Intervertebral Differential Dynamics Therapy (IDD therapy) was compared to sham treatment. IDD Therapy consists of intermittent traction sessions in the Accu-SPINA device (Steadfast Corporation Ltd, Essex, UK), an FDA approved, class II medical device. The intervertebral disc and facet joints are unloaded through axial distraction, positioning and relaxation cycles. In a single blind, single centre, randomized controlled trial; 60 consecutive patients were assigned to either the SHAM or the IDD Therapy. All subjects received the standard conservative therapeutic care (graded activity) and 20 sessions in the Accu-SPINA device. The traction weight in the IDD Therapy was systematically increased until 50% of a person's body weight plus 4.45 kg (10 lb) was reached. The SHAM group received a non-therapeutic traction weight of 4.45 kg in all sessions. The main outcome was assessed using a 100-mm visual analogue scale (VAS) for LBP. Secondary outcomes were VAS scores for leg pain, Oswestry Disability Index (ODI), Short-Form 36 (SF-36). All parameters were measured before and 2, 6 and 14 weeks after start of the treatment. Fear of (re)injury due to movement or activities (Tampa Scale for Kinesiophobia), coping strategies (Utrecht Coping List) and use of pain medication were recorded before and at 14 weeks. A repeated measures analysis was performed.

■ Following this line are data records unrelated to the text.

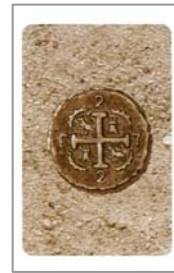
de achterkant van de kaart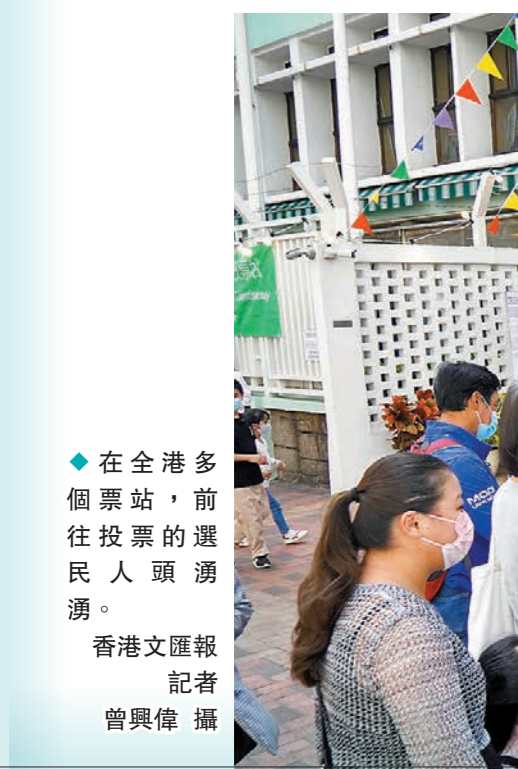
◆在全港多個票站，前往投票的選民人頭湧湧。

年逾70的陳先生多年來每屆選舉都會履行選民責任去投票，他覺得今年的選舉氛圍特別和諧，少了候選人互相抨擊的情況，大家都開始真正關注在社區、民生議題上。 他又留意到特區政府和候選人也都積極地參與區議會投票的宣傳活動，所有候選人的競選理念和政策都得到充分地傳播，「我在社區見過所有候選人親自宣傳，投票和競選氣氛都非常熱烈和融洽，所以我也很有意去投票。」 居住在油尖旺區逾十年的鄭先生，在九龍公園體育館下選票後表示，每一屆區議會選舉投票他都沒有缺席，「這是作為香港公民的責任，雖然一個人的力量很微薄，但都會盡公民責任，我亦都呼籲身邊的親朋好友一齊投票。」他表示，對新一屆區議會充滿期待，「這是香港新選舉制度後的第一次區議會選舉，相信會做更多實事。」 上午8時32分，九龍公園體育館內投票站的首位投票市民梁先生向香港文匯報記者分享激動心情，原來這是他第二次在區議會選舉中投票，第一次是在2019年的區議會選舉，「我很有意當當時一些人在黑暴期間的行為，所以我登記做選民，我一定要出來投票支持政府，這次也是表達支持，一定要出來投票支持『愛國者治港』、支持愛國愛港的區議員。」 坐著輪椅的王女士很早就到達投票站，她來到九龍公園投票站的路程並不容易，但她直言作為香港市民，只要是對香港有益的事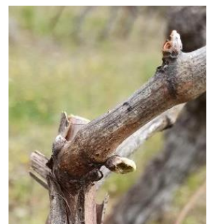
Dégâts de mange bourgeons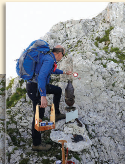
Delovna akcija Krn in Batognica 2020

GOSPODARSKI ODSEK skrbi za upravljanje, oskrbo in vzdrževanje petih planinskih koč, ki so v lasti društva. Stalna skrb za vzdrževanje objektov nalaga maloštevilnim članom še toliko večjo angažiranost. Vsi, ki bi radi sodelovali pri akcijah, lepo vabljeni.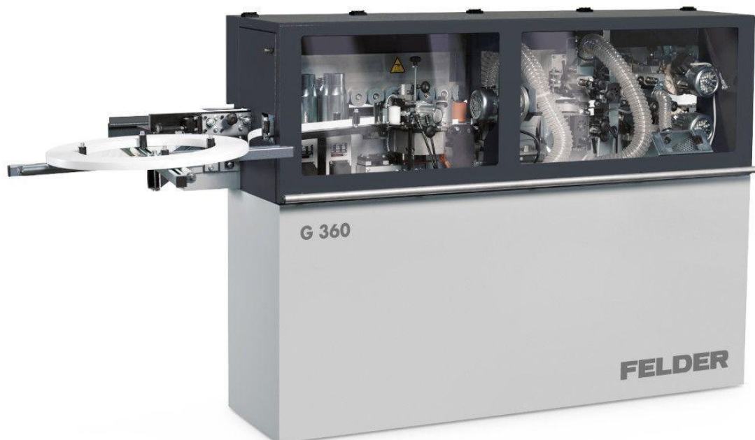
Immagine con equipaggiamento speciale.

Ancora più prestazioni con un nuovo allestimento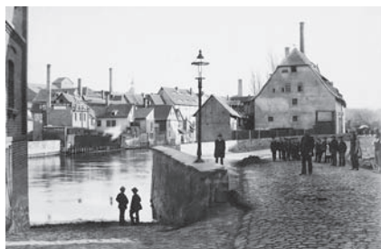
Abb. 1 Gebäudeansicht (historisch).

Der Schwemme e.V. verfügt über eine umfangreiche Sammlung historischer Bierflaschen. Zugehörige Etiketten aber fehlten lange Zeit vollständig. Aus diesem Grund sind die 2019 entdeckten Fragmente historischer Getränkeetiketten als Quelle für die Erforschung der Haus- und Brauereigeschichte sowie der regionalen Industriegeschichte außerordentlich wertvoll.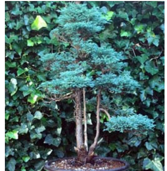
In trainingspot nadat kleinste stam is doodgegaan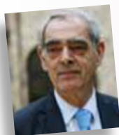
Henri Emmanuelli (PS)

Les 20 et 27 mars derniers, quinze conseillers généraux ont été élus ou réélus dans le cadre du renouvellement triennal. Découvrez la nouvelle Assemblée départementale.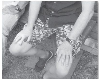
Mann zeigt wieder weisse Beine (gäu Reto)

The two groups were comparable at baseline in terms of demographic, clinical and psychological characteristics, indicating that the random allocation had succeeded. VAS low back pain improved significantly from 61 (+/- 25) to 32 (+/- 27) with the IDD protocol and 53 (+/- 26) to 36 (+/- 27) in the SHAM protocol. Moreover, leg pain, ODI and SF-36 scores improved significantly but in both groups. The use of pain medication decreased significantly, whereas scores for kinesiophobia and coping remained at the same non-pathological level. None of the parameters showed a difference between both protocols. Both treatment regimes had a significant beneficial effect on LBP, leg pain, functional status and quality of life after 14 weeks. The added axial, intermittent, mechanical traction of IDD Therapy to a standard graded activity program has been shown not to be effective.